── SUPPLIED DATA

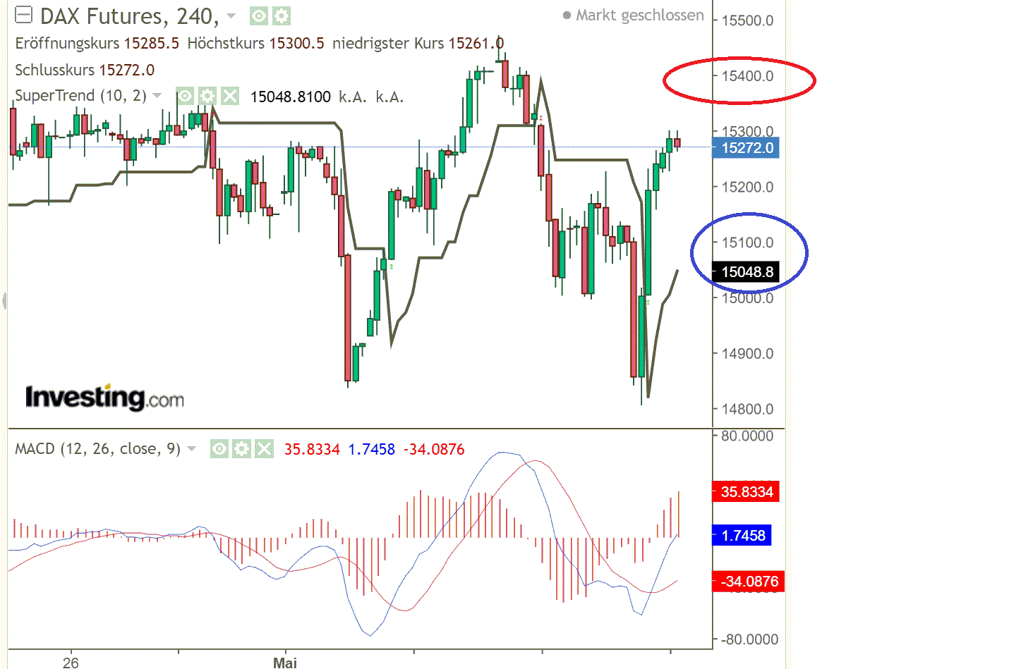 Widerstandsmarken: 15.260/15.335/15.440/15.510 Punkte
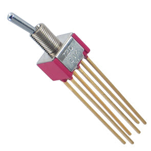 Toggle switch, miniature, dpdt, 2 position, on-none-on, 5a @ 120vac / 28vdc, wire wrap terminals
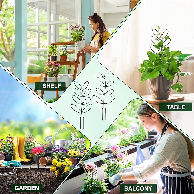 - Leaf Shape: The plant support for indoor plants is designed in the shape of plant leaves, which can well support the growth of your plants. The leaf shaped design of the houseplant trellis can also decorate your flowerpot and integrate with your plants
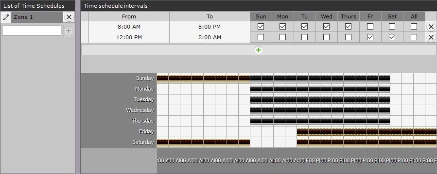 각 요일의 시간 간격을 타임 차트에 시각적으로 표시합니다.
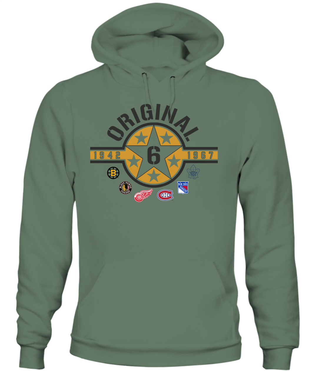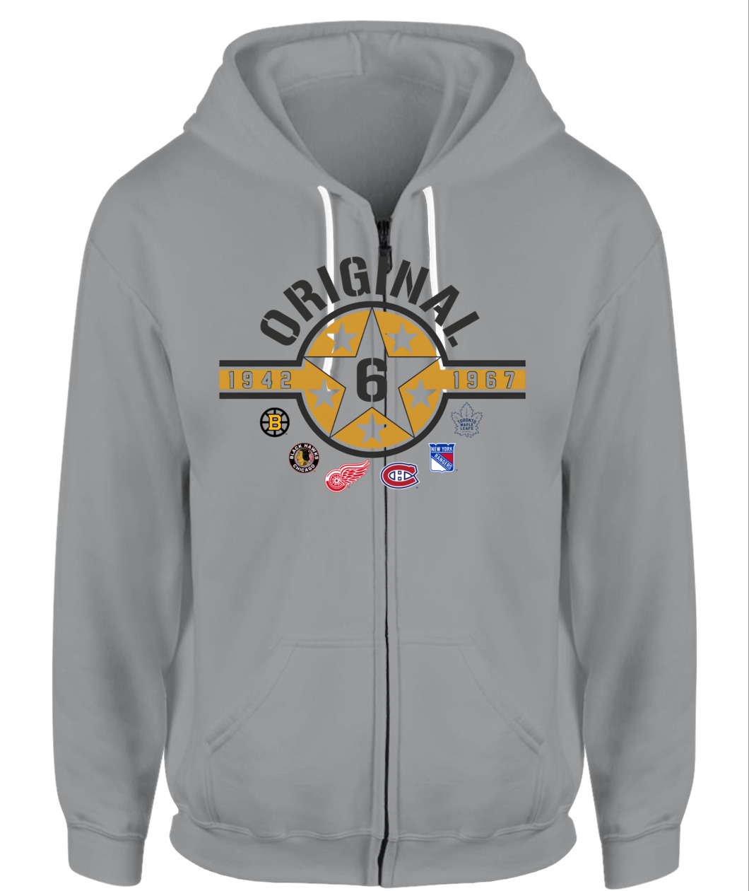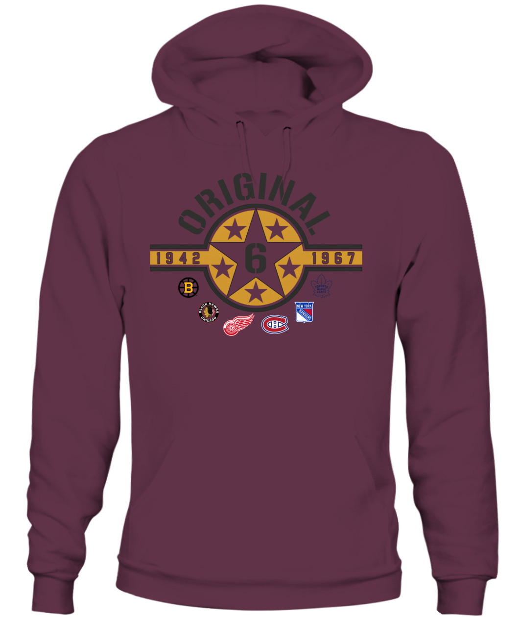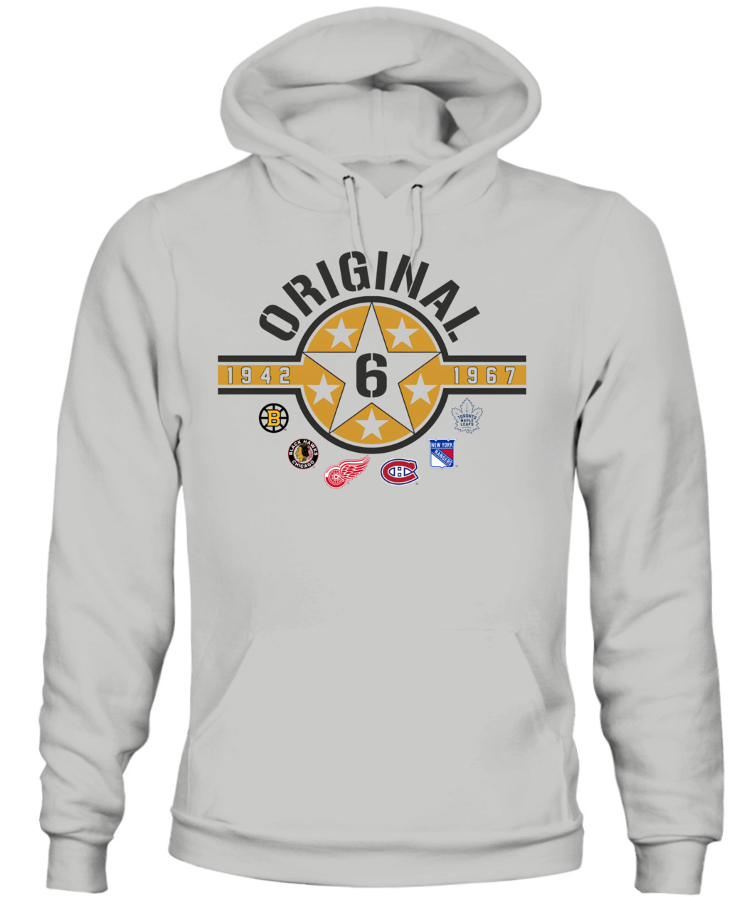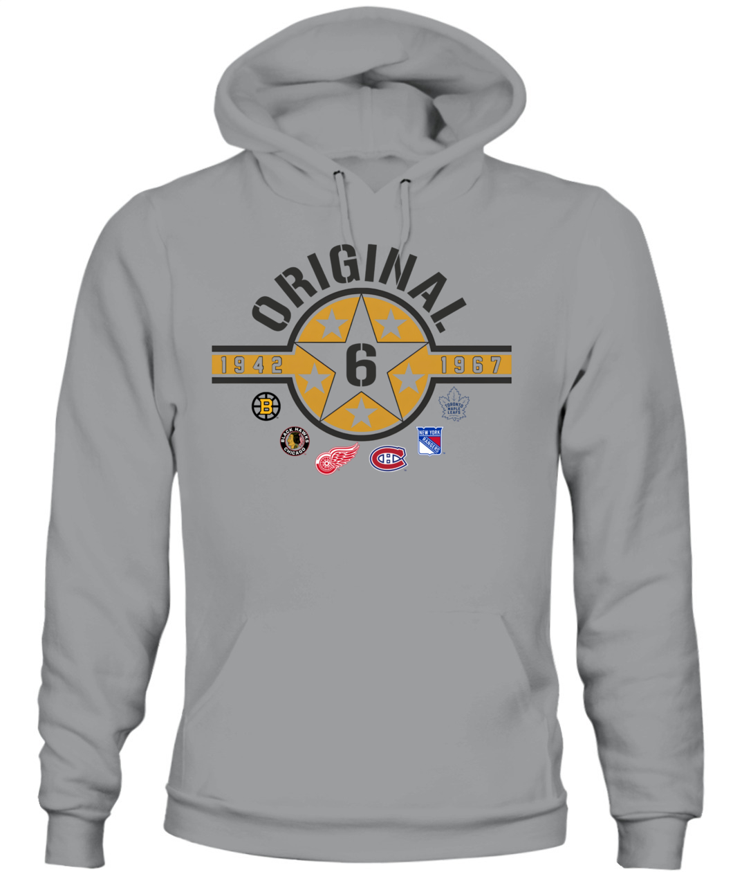 Wear the founding stars of the NHL! This Original Six Hoodie features a bold Star Badge with the number 6, honoring all six teams and the historic 1942-1967 era. ORIGINAL!
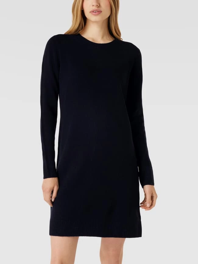 Christian Berg Woman Knielanges Strickkleid Mit Geripptem Rundhalsausschnitt – Dunkelblau
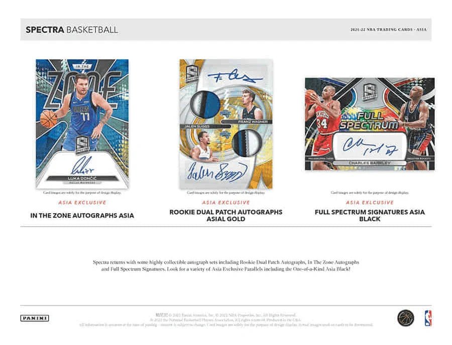 2021-22 Panini Spectra NBA Basketball TMALL delivers (3) EXCLUSIVE Parallels and (1) Additional EXCLUSIVE Parallels or Autographed Card in Every Box! One of the most popular opti-chrome products of the year, Spectra, returns to deliver popular card sets and parallels loaded with autograph content! Configuration: 20 boxes/1 pack/6 cards 2021-22 Panini Spectra NBA Basketball TMALL PRODUCT HIGHLIGHTS: Collect the top rookies from the 2021 NBA Draft in Rookie Jersey Autographs! Look for Asia Exclusive Parallels of Jersey Autographs randomly inserted in Asia boxes! Spectra returns with some highly collectible autograph sets including Rookie Dual Patch Autographs, In The Zone Autographs and Full Spectrum Signatures. Look for a variety of Asia Exclusive Parallels including the One-of-a-Kind Asia Black! Spectra Asia has no shortfall of Parallel content! Chase a wide variety of Asia Exclusive Parallels from top players including Rookies, Veterans and Retired players in Base and a variety of subsets! Find several Asia Exclusive Parallels of Rookie Jersey Autographs from top rookies including Cade Cunningham, Jalen Green, Evan Mobley and more! Look for Asia, Asia Gold and Asia Black (One-of-One) Parallels!
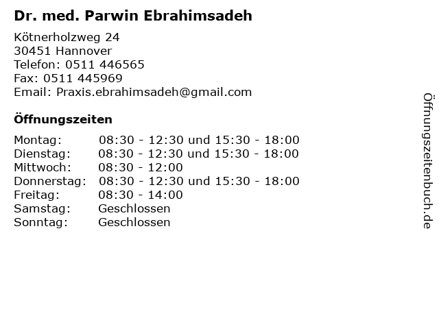 | Öffnungszeiten Dr. med. Parwin Ebrahimsadeh in Hannover anzeigen | |
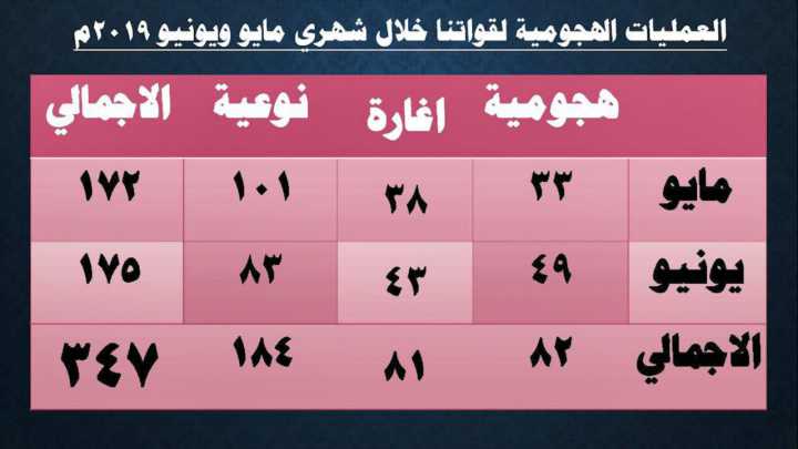 وقال سريع في مؤتمره الصحفي اليوم الثلاثاء، إن” قواتنا نفذت خلال مايو ويونيو أكثر من 347 عملية عسكرية هجومية منها 82 عملية هجوم واقتحام و81 عملية إغارة و184 عملية نوعية تم خلالها تحرير عشرات المواقع والقرى وتكبيد العدو ومرتزقته خسائر فادحة”.
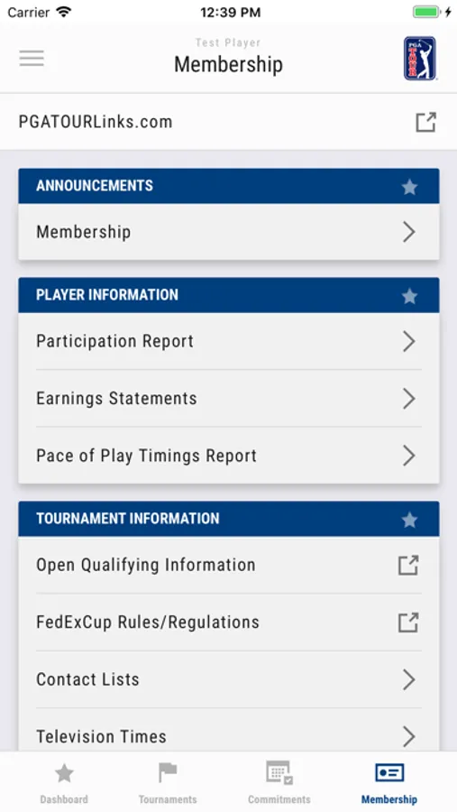 The PGA TOUR Member information portal allows members to receive the latest information from the PGA TOUR. You must be a member of the PGA TOUR with an active account to log into this application.
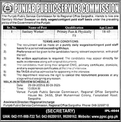 Candidates if you are seeking Punjab Public Servic Commission Jobs In Sargodha September 2025 if yes. It would be best if you tried to complete read Punjab Public Servic Commission job because you can easily apply for these vacancies Sanitary Worker. Only male candidates can apply for Punjab Public Servic Commission Jobs In Sargodha September 2025 Qualification /Experience Required:Primary Pass & Physically Fit, and more experienced candidates should apply before 29 September 2025.
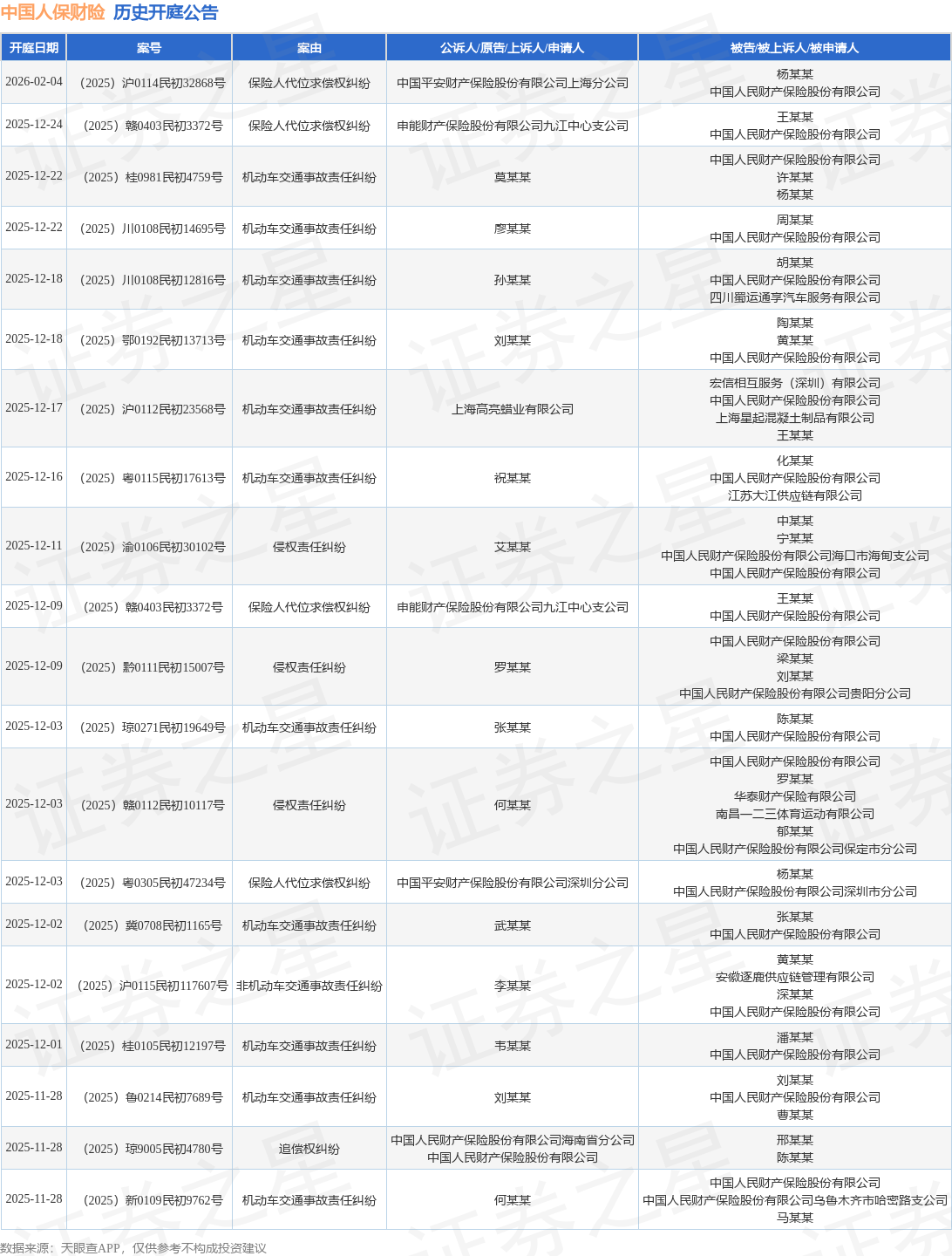 案号:(2025)沪0120民初23305号根据统计,近一年内以中国人民财产保险股份有限公司为当事人的历史开庭公告有2032则,其中案由为“机动车交通事故责任纠纷”的公告以1394则居首,其次为“保险人代位求偿权纠纷”有160则,“交通事故”有71则。历史开庭公告(前20条)如下:

────

* **WHAT THIS TASK INVOLVES**: Copy exactly the lines from the one containing "Candidates if you" through the final line of the records above, both included, and leave out any pictures.

* **RESULT OF THIS TASK**:
 Candidates if you are seeking Punjab Public Servic Commission Jobs In Sargodha September 2025 if yes. It would be best if you tried to complete read Punjab Public Servic Commission job because you can easily apply for these vacancies Sanitary Worker. Only male candidates can apply for Punjab Public Servic Commission Jobs In Sargodha September 2025 Qualification /Experience Required:Primary Pass & Physically Fit, and more experienced candidates should apply before 29 September 2025.
 案号:(2025)沪0120民初23305号根据统计,近一年内以中国人民财产保险股份有限公司为当事人的历史开庭公告有2032则,其中案由为“机动车交通事故责任纠纷”的公告以1394则居首,其次为“保险人代位求偿权纠纷”有160则,“交通事故”有71则。历史开庭公告(前20条)如下:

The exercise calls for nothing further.